Array with only one rod
How to Handle:
Return 0, as one rod cannot form two equal-height towers.
Array with all rods of length 0
How to Handle:
Return 0, as the maximum height is 0 when all rods have length 0.
Array with large rod lengths causing integer overflow during summation
How to Handle:
Use long data type to prevent integer overflow when calculating sums or differences of rod lengths.

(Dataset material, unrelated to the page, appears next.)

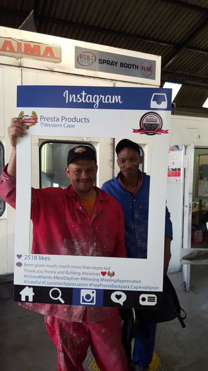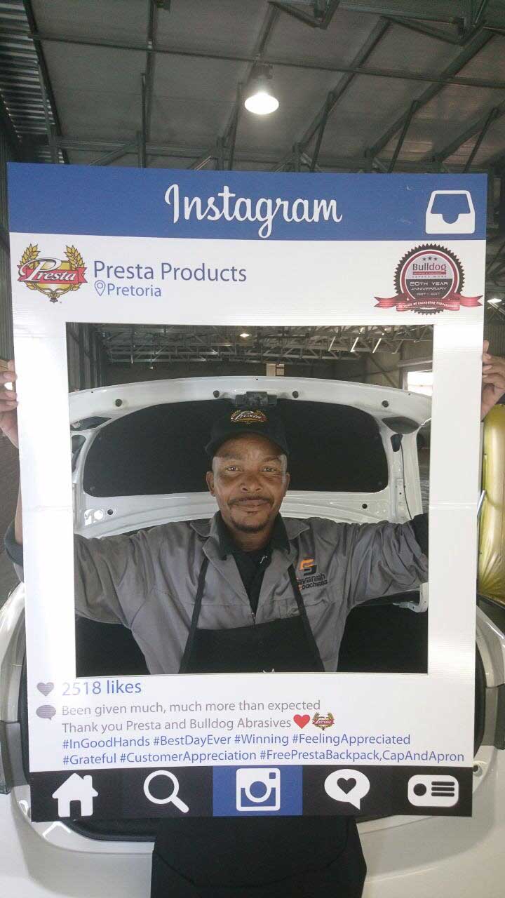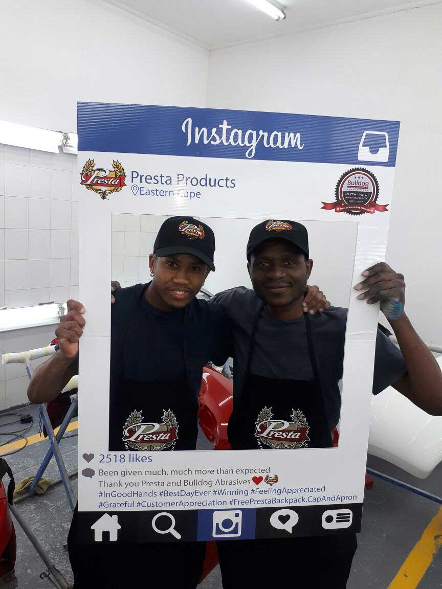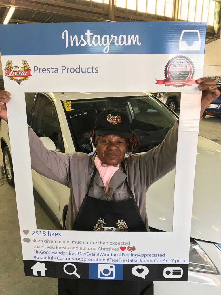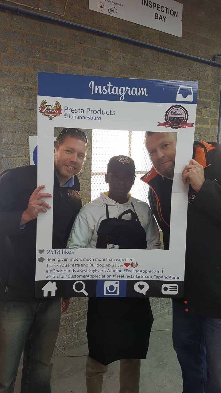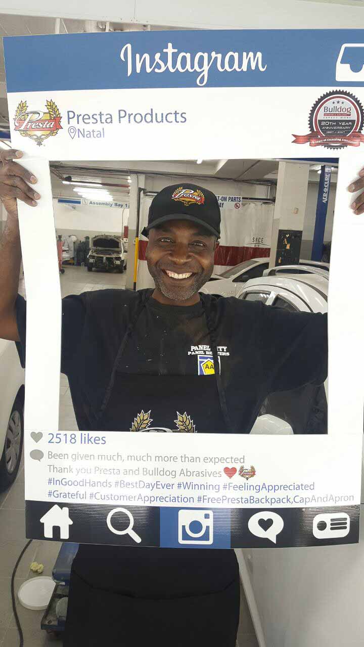 To celebrate the “20-year partnership” between the two companies – Bulldog Abrasives and Presta Products implemented an initiative where Bulldog’s top sales and technical representatives took to the road to personally say “Thank you” to each panel shop who proudly chooses to use Presta Products in their daily polishing processes. They also gave away much appreciated back-packs, caps and aprons to the hard-working polishers who actually use the product in the shops.

All rods have the same length
How to Handle:
If the number of rods is even, the billboard height is sum/2; otherwise, it's impossible and the height is still 0 using dynamic programming approach.
No possible equal-height towers can be built.
How to Handle:
The dynamic programming approach correctly returns 0 when no combination results in equal tower heights.
Maximum array size to consider time complexity.
How to Handle:
Dynamic programming is suitable up to a certain size but a heuristic approach may be needed for larger arrays.
Negative Rod Lengths.
How to Handle:
Throw an error, as rod lengths cannot be negative.